BSL Interpreter Symbol.jpeg

Accompanied by BSL interpretation

 

* we are currently adding subtitles to the footage above, apologies for any inconvenience.

 

Bloc Projects is excited to present the second instalment of Harsh Light webinars in December 2020. We will continue to examine how the art worlds have (not) coped in 2020, provide space for solace and solidarity, as well as propose some possible futures.

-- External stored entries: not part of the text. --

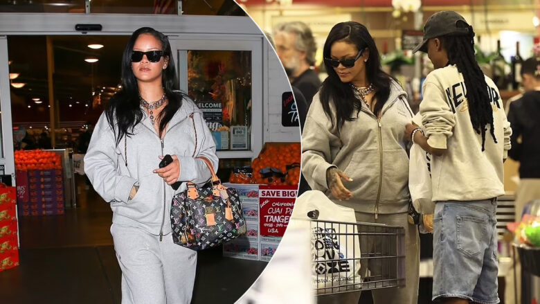 Rihanna ka nxitur sërish spekulime për një shtatzëni të mundshme, pasi u pa të dielën në Los Angeles me veshje të gjera dhe të rehatshme gjatë një pazari në Bristol Farms.
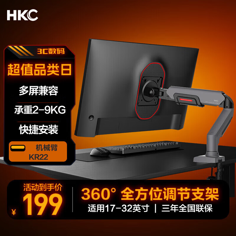 HKC 显示器支架显示屏幕机械臂电脑桌旋转升降居家办公灰黑色承重9KG增高架免打孔75mm100mm KR22
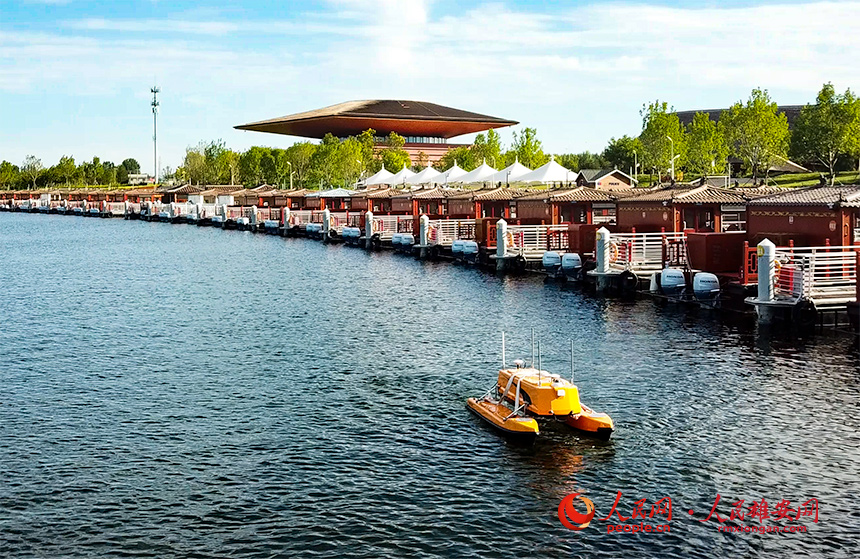 搭載5G、VR技術的無人船正在白洋淀進行監測。人民網?宋燁文攝

Harsh Light is becoming more than we could hope for. It is a platform for art workers to strategise and decompress during these sick times. We hold the space with critical and embodied care, inviting honest and at times vulnerable reflections from our peers, friends, and colleagues. Past speakers have already helped us think through anti-racist and climate justice work within institutions, and debunk the monolithic preconceptions that are tethered to disability.

The second instalment continues to use the Arts Council England (ACE) “Let’s Create” strategy as a point of departure. Amidst health, political and ecological crises, how do we feel about this vision to “transform a country by culture”? How, if at all, will ACE’s four investment principles of inclusivity and relevance, ambition and quality, dynamism, and environmental responsibility bring about the (art) worlds we want to have?

 
Still from Uncommon Ground, 2020, by Verity Birt

Still from Uncommon Ground, 2020, by Verity Birt

 

The concluding webinar of our December instalment will welcome artists Verity Birt and Una Hamilton, and researcher Dr Edwin Coomasaru in conversation. Variously working on gender, British identity, folklore and the occult, the speakers will be reflecting on the “E” of ACE—Arts Council England—and that which constitutes “Englishness”. The conversation will self-reflexively think through these English textures and their adoption in subcultural contexts, including white supremacist narratives of “blood and soil” nativism, as well as feminist and black metal reinscriptions of a more ecologically entangled landscape.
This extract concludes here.